Question

The reaction, $CO\left(g\right)+3H_2\left(g\right)\rightleftharpoons C{H}_4\left(g\right)+H_{2}O\left(g\right)$ is at equilibrium at $1300K$ in a one litre flask. The gaseous equilibrium mixture contains $0.30mol$ of $CO,0.10mol$ of $H_2,0.020mol$ of $H_{2}O$ and an unknown amount of $C{H}_4$ in the flask. Determine the concentration of $C{H}_4$ in the mixture. The equilibrium constant, $K_c$, for the reaction at the given temperature is $3.90$.
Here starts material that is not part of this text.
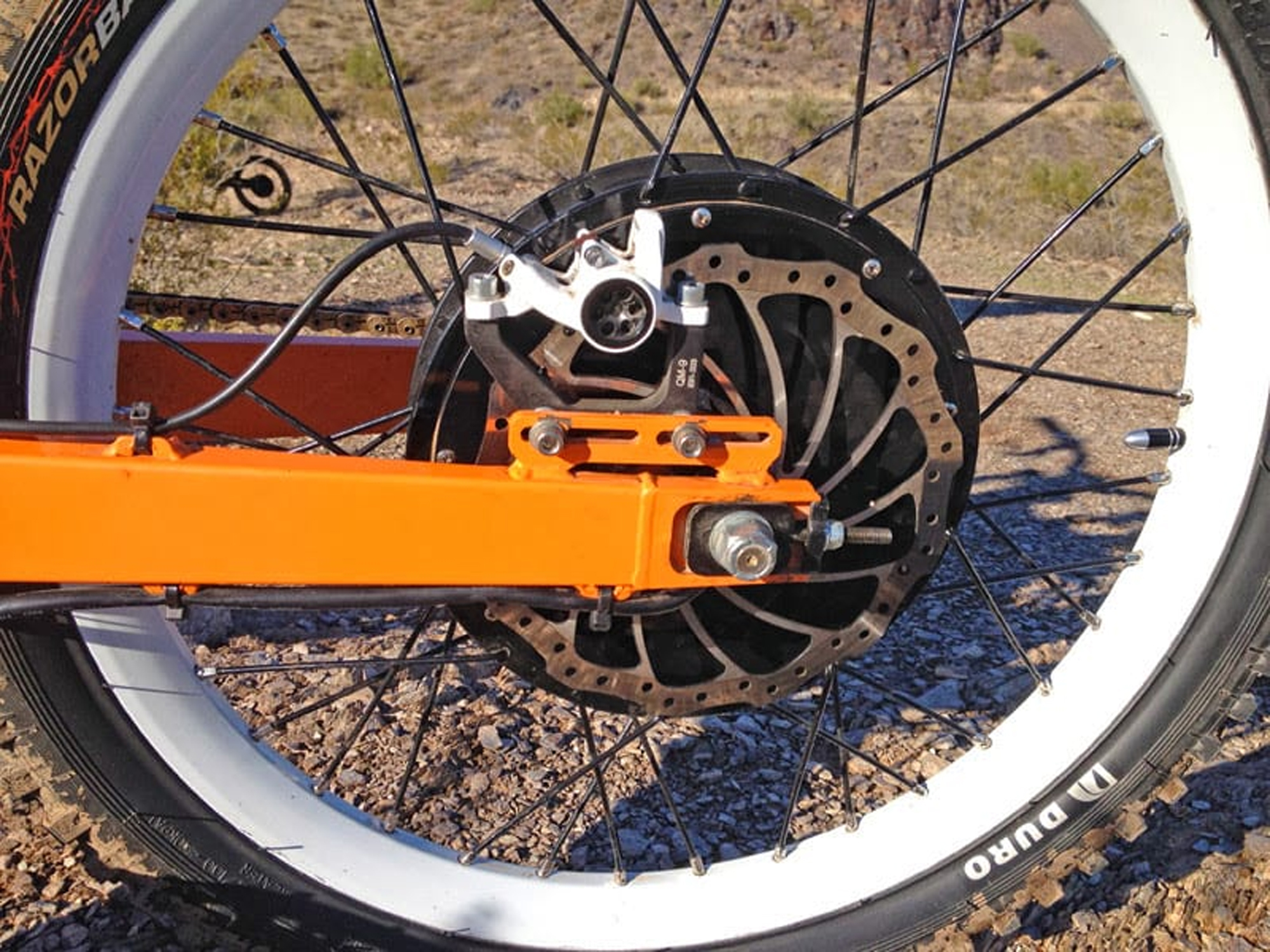 Driving this beast is a 3,000 watt motor (that’s nearly 10x normal electric bikes or those sold in Europe). It’s gearless and offers a regen-mode to help slow the bike down and recuperate energy while saving the brakes. The motor runs pretty quiet considering the size (decibels at 30 miles per hour is 65dB), provides a ton of torque and accelerates very smoothly using the twist throttle. The Cycle Analyst computer monitors the system and is designed to keep the motor from overheating.

• A. $5.85\times {10}^{-2}M$
• B. $5.85\times {10}^{-3}M$
• C. $5.85\times {10}^{-7}M$
• D. $5.85\times {10}^{-1}M$

Answer 1

The correct option is A $5.85\times {10}^{-2}M$

Let the concentration of $C{H}_4$ at equilibrium be $xM$.
$C{O}_{\left(g\right)}+3H_{2\left(g\right)}\leftrightharpoons C{H}_{4\left(g\right)}+H_2{O}_{\left(g\right)}$

At equilibrium,
$\left[CO\right]=\frac{0.3}{1}=0.3M;\left[H_2\right]=\frac{0.1}{1}=0.1M;\left[C{H}_4\right]=xM;\left[H_{2}O\right]=\frac{0.02}{1}=0.02M$

We know,
$\frac{\left[C{H}_4\right]\left[H_2{O}^{}\right]}{\left[CO\right]{\left[H_2\right]}^3}=K_c$
$\therefore \frac{x\times 0.02}{0.3\times (0.1{)}^3}=3.90$
$\Rightarrow x=\frac{3.90\times 0.3\times (0.1{)}^3}{0.02}$
$=\frac{0.00117}{0.02}$
$=0.0585M$
$\Rightarrow x=5.85\times {10}^{-2}M$

Hence, the concentration of $C{H}_4$ at equilibrium is $5.85\times {10}^{-2}M$.